今回は、WISC-Ⅳについて。

WISC-Ⅳとは、正式には、「ウェクスラー式知能検査」と言い、「Ⅳ」は第4版という意味です。

発達の心配があるお子さんや大人が受ける検査として、かなりの医療機関や教育機関で最初に受ける検査のようです。ただ、WISCは知能検査なので、スコアが80あるいは75以下となると、軽度知的障害などの診断がでますが、それ以上だと、「正常範囲内です」というだけの回答や本人の得意不得意の指摘をされるだけです。我が家の娘はまさに「正常範囲内です。でも〇〇が苦手かもしれません。」という無責任な回答が返ってきただけでした。

 

さて、娘についてですが、娘は、小学4年生と小学6年生の2回、WISC-Ⅳを受けています。

1度目の小学4年生の時の結果は、
言語理解127 知覚推理(124) ワーキングメモリ(133) 処理速度91
でした。
知覚推理とワーキングメモリの数値が( )付きなのは「下位検査の中で差があるため、参考値」という説明でしたが、言語理解と処理速度は確かな数値のため、その数値を考えると差(ディスクレパンシー)は36あります。

2回目の小学6年の時の検査は、
言語理解109 知覚推理104 ワーキングメモリ100 処理速度86
でした。
この時、娘は精神的にかなり辛い状態で、都立小児総合医療センターに入院していました。そこで受けたWISC-Ⅳの結果です。
言語理解が高く、処理速度が低いという特徴は、1回目のWISC-Ⅳと同じで、この時の差(ディスクレパンシー)は23あります。

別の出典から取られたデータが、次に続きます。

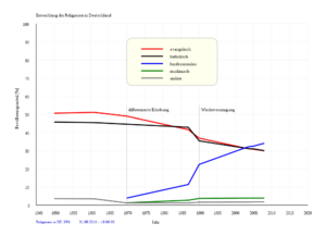 Jahrhunderte lang war Deutschland geprägt vom konfessionellen Gegensatz. Die Kulturgeschichte Mitteleuropas ist nicht verstehbar ohne die Konflikte und die Koexistenz zwischen Protestanten und Katholiken. Das Parteiensystem der frühen Bundesrepublik mit der Dominanz der christdemokratischen Parteien baute noch auf dieser Ordnung auf. Doch dann ereignete sich seit den 1960er Jahren eine stille Kulturrevolution. Irgendwann in den sechziger Jahren des 20. Jahrhunderts setzte eine Absetzbewegung von den Kirchen ein. Gemessen an den Kämpfen und Auseinandersetzungen der Vergangenheit vollzog sich diese Entwicklung relativ konfliktfrei und geräuschlos. Die alten Gegensätze zwischen Protestanten und Katholiken spielten plötzlich keine Rolle mehr, weil Kirche und Religion insgesamt an Bedeutung verloren. Ursache und Auswirkung dieser Entwicklung ist wissenschaftlich noch nicht völlig geklärt. Aber deutlich wird sie in dieser statistischen Darstellung. Die Wiedervereinigung[wp] hatte einen starken Effekt auf die Statistik, ist aber nicht allein und nicht einmal in der Hauptsache für den Anstieg der blauen Linie seit 1990 verantwortlich.[14]

ウェクスラー式知能検査では、特定のIQは突出しているにも関わらず、他の特定IQが平均を大きく下回る現象をディスクレパンシーと呼び、このディスクレパンシーが15離れていると、発達障害と診断する医師もいるそうです。


娘がWISC-Ⅳを受けたときに、親の私に、ディスクレパンシーのことは一切説明されませんでした。それどころか、「標準の範囲内にいるから(知的障害という意味らしいです)、問題ない」という説明のされ方をしました。
退院してからの親の対応を指導されましたが「学校に1日でも通えたら褒めてあげてください」とか「家で好きなことをたくさんして心が満たされたら何でもできるようになります」という内容でした。当然、そんなに簡単なことではなく、対処の仕方も間違っているわけですから、悪化の一途をたどるだけでした。
その後も、都立小児医療センターに通院を続けましたが、結局のところ「親が毒親」とか「本人の努力」と、素人のようなことを言われ続け、医療に対して不信感が増しただけでした。
娘も都立小児医療センターに通院するのを嫌がるようになり、発達専門クリニックに通院しましたが、娘が摂食障害を起こし、入院を勧められ、結局都立小児医療センターに戻されてしまいました。

医師の説明を安易に信じてしまった私も馬鹿だったと思いますが、周りに似た例もなく、学校の先生も理解がなく、環境にも恵まれなかったとも思います。
なぜもっと正しい情報を探さなかったかと、今になって悔やんでも悔やみきれません。